Whether you’re just starting out, or an experienced performer or composer, all musicians can benefit from brushing up their music reading and aural skills from time to time. If you are notating your own music – or someone else’s music – it helps if you have a good grounding in music theory and notation conventions. And if you ever need to transcribe music from a recording (that is, write down what you hear) you’ll need sound aural skills.
There are lots of excellent resources to help you practice your music reading and ear training skills. Many are free and most are – dare I say? – fun. And they’re not just for kids. Here are 5 of my favourite resources:
1. The Theta Music Trainer is a fantastic site featuring video-game style ear training activities.

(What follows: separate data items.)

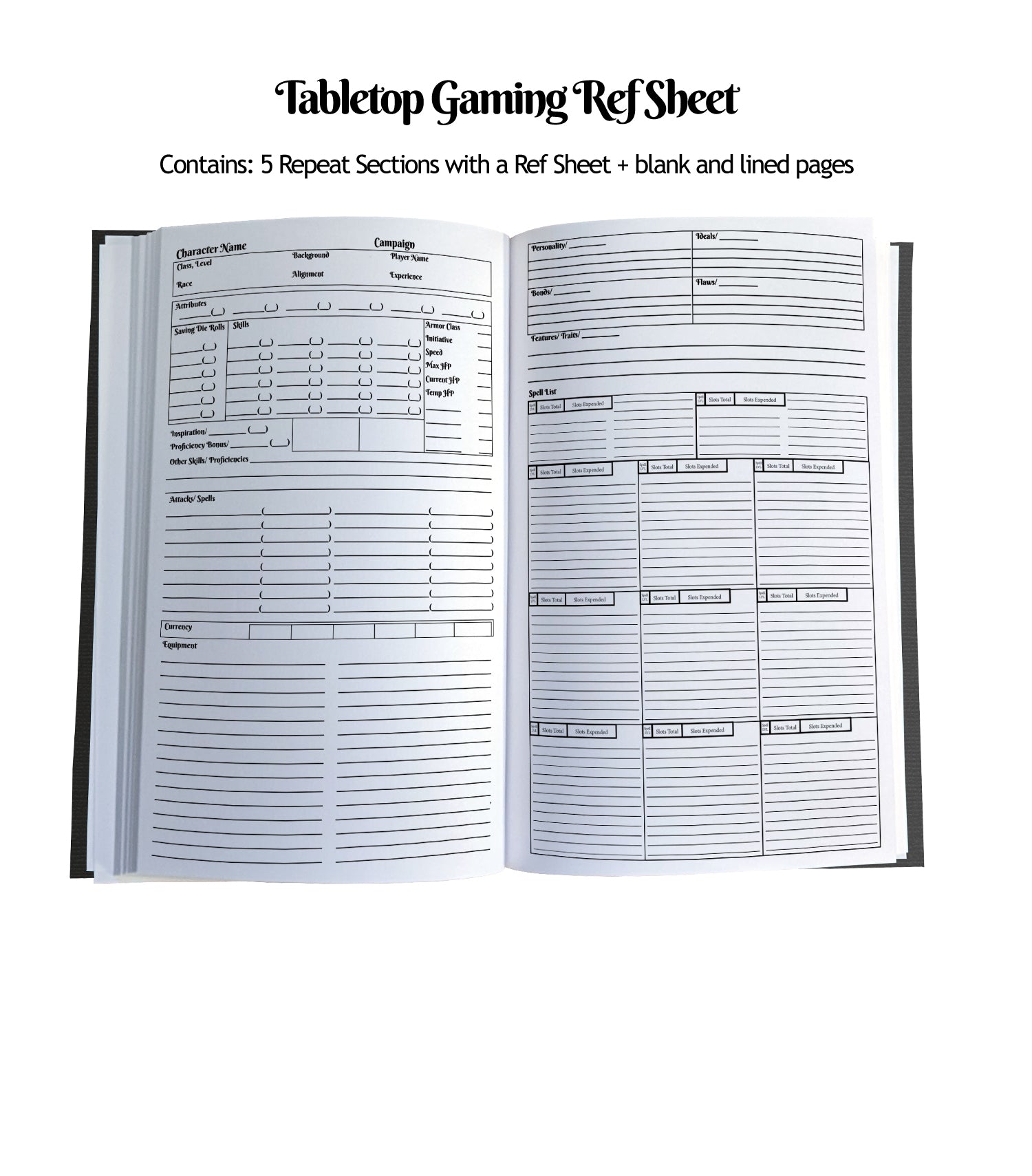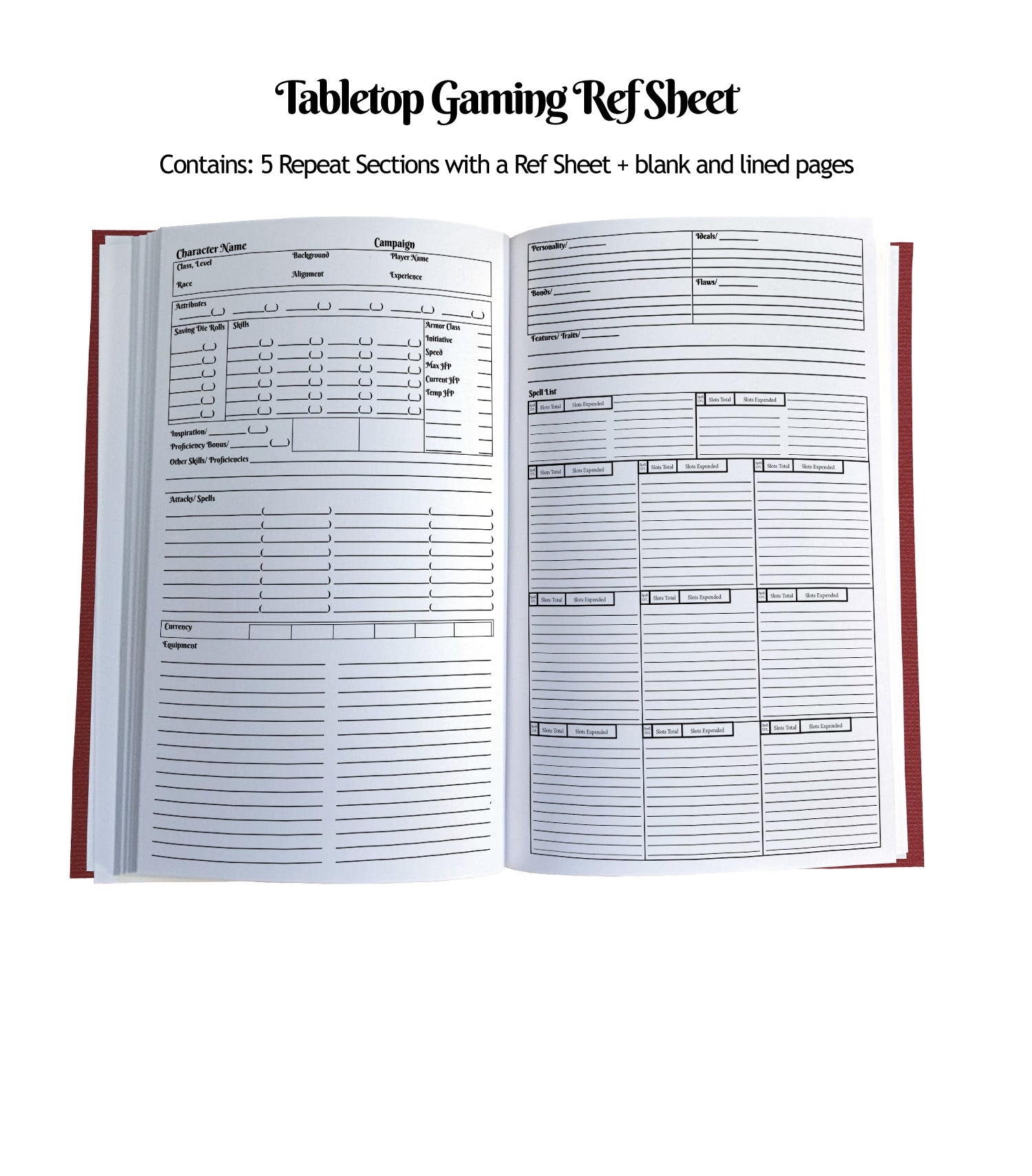 This Tabletop Game Character Sheet Refill is great for tracking your stats, spells, abilities, inventory and more in games like... ~Jails and Large Lizards.~
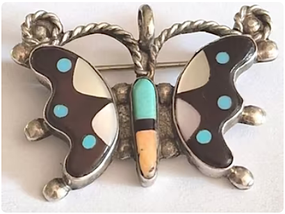 Yesterday i received this pretty butterfly pendant/brooch. My guess is that it’s a Zuni piece from around the 1950s (it’s unmarked).
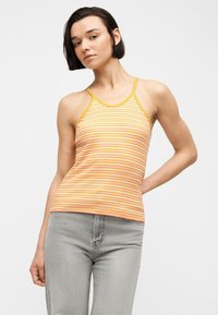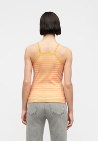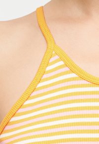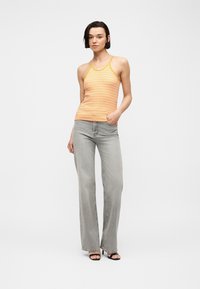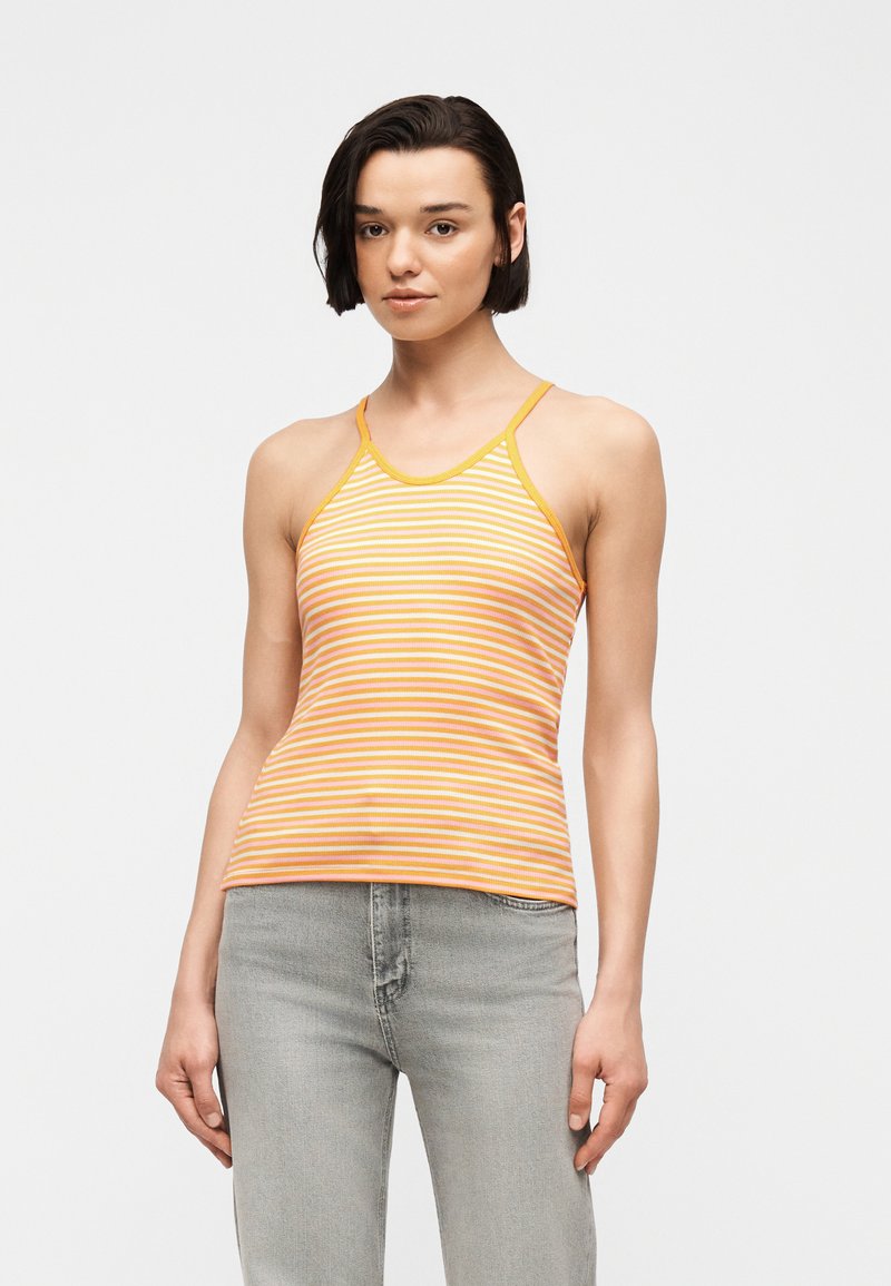 Νεαρή γυναίκα με κοντά σκούρα μαλλιά, που φοράει αμάνικη κίτρινη και πορτοκαλί ριγέ μπλούζα και ανοιχτό γκρι τζιν, στέκεται μπροστά σε λευκό φόντο.
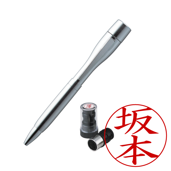 シャチハタ・ネームペン・ポケット・シルバー・ボールペン+ネームペン用ネームX-GPS・印面直径:9mm・インク色:朱・既製品[Shachihata・Xstamper・POCKET・TKS-NPS1+X-GPS]/商品コード:27610:49100
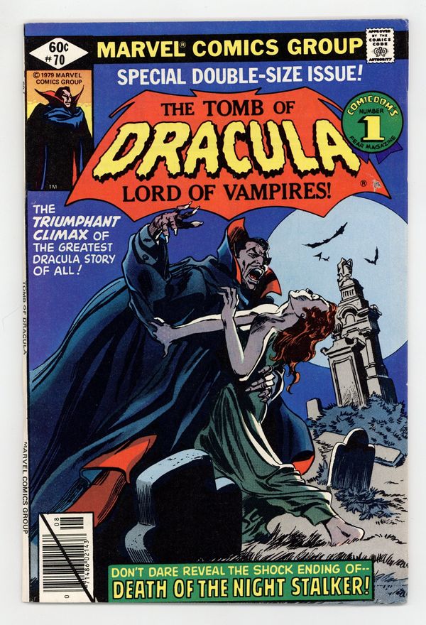 Direct Edition. Final issue of the series. Giant-size issue. The battle between Quincy Harker and Dracula comes to a climax in "Lords of the Undead!" Script by Marv Wolfman, pencils by Gene Colan, inks by Tom Palmer. Janus and Domini appearances. Blade cameo. Letter to the editor from comics writer Peter Sanderson. Colan/Palmer cover. Cover price $0.60.
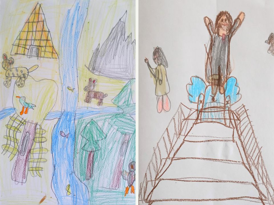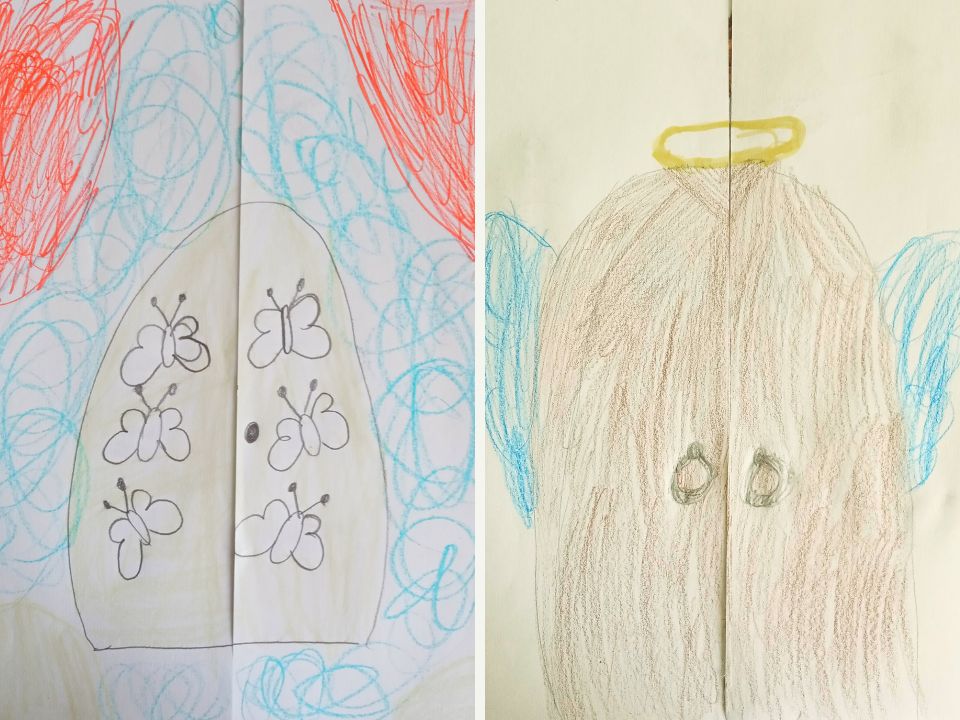 Na zakończenie religii dzieci wykonały pracę plastyczną. Narysowały wejście do nieba, a wewnątrz złożonej kartki namalowały swoją osobistą wizualizacje Królestwa Bożego. Niektóre dzieci dodatkowo naszkicowały osoby, które chciałyby spotkać w niebie.

Games include Paddle Pitch (a “Pong“-style pitch recognition game), Rhythm Puzzles (rhythmic dictation), Melodic Drops (intervals, notes played separately) and Harmonic Balloons (interval recognition with notes played simultaneously). Parrot Phrases tests your melodic dictation skills and caters for both keyboard players and guitarists by allowing you to submit answers via an on-screen piano or guitar fretboard. There’s even a unique tone-colour/timbre identification game called Channel Match which requires you to pick individual instruments “out of the mix”.
Unlike many other music game sites, Theta Music Trainer features a number of supporting articles which cover the fundamentals of music: melody, harmony, rhythm and sound. If you create a login, the site will track your progress and you can view your overall results on your Training Report page. A limited number of games and levels are free and you can unlock all games by subscribing for $7.95 a month. Discounts are available if you pay an up-front annual fee of $54 ($4.50 per month), or if you’re a studio music teacher (less than $4 per month).
2. The Music Interactive (TMI) has an excellent collection of free downloadable apps. Although they are intended for classroom use (and are effective on an interactive whiteboard), they still offer something to the non-student. I spent some time testing these apps out in preparation for a conference presentation I was giving last year and found that almost an hour had passed while I played with scientifically tested Staff Wars 1 and Rhythm Dictation. There are around 25 games in total and most are free.
I have some favourites: Staff Wars 1 is- not surprisingly – a Star Wars themed game which requires you to identify notes on the stave by blasting them with missiles from your spacecraft. Choose the wrong note name or allow the note to reach the clef and you’ll lose one of your 3 lives. The game starts innocently enough, but just when you’re becoming complacent everything speeds up, including the background music. There’s a second (separate) version of this game – Staff Wars 2 – which allows you to identify notes by playing them on your instrument.
The Rhythm Dictation game asks you to reassemble the puzzle pieces of a 4, 8 or 16-bar rhythm and you can control which rhythmic elements are included and how fast the rhythm is played. Drawn To Keys covers scales and intervals and has a useful on-screen keyboard you can use as a tool when you’re away from your MIDI keyboard or piano.
You’ll need to register for the TMI forum in order to download the apps.
3. Phil Tulga’s Music Through Curriculum site features music activities and arts integration lessons and whilst it’s aimed at the education sector, there are some useful resources no matter what sort of musician you are. Sequencing with Simon is a game based on the classic electronic Simon Memory Game of the 1980′s. The coloured Simon machine plays sequences of pitches which you need to repeat. The sequences increase in length with each round. The Counting Music page features a ruler which allows you to visualise the length of notes and shows you how to count rhythms.
4. Ricci Adams’ MusicTheory.net is an online resource that teaches the basics of music reading and is an excellent way to get started with music theory. There are a series of lessons which explain musical concepts in plain English and there are exercises to reinforce what you’ve learnt.
5. Whilst not free, Auralia is one of the most comprehensive ear training programs available. Made by Australian developers Rising Software, Auralia covers all the musical material the free apps cover and a whole lot more. In addition to all the usual topic areas – intervals, rhythmic dictation, chords and scales – you can work on recognising chord progressions, music styles, absolute pitch and sight-singing.
Answers can be submitted by using your computer keyboard, the mouse or by singing into your computer’s microphone. If you’re serious about ear training, this is the one to buy.
Do you have any favourite resources that are not mentioned here?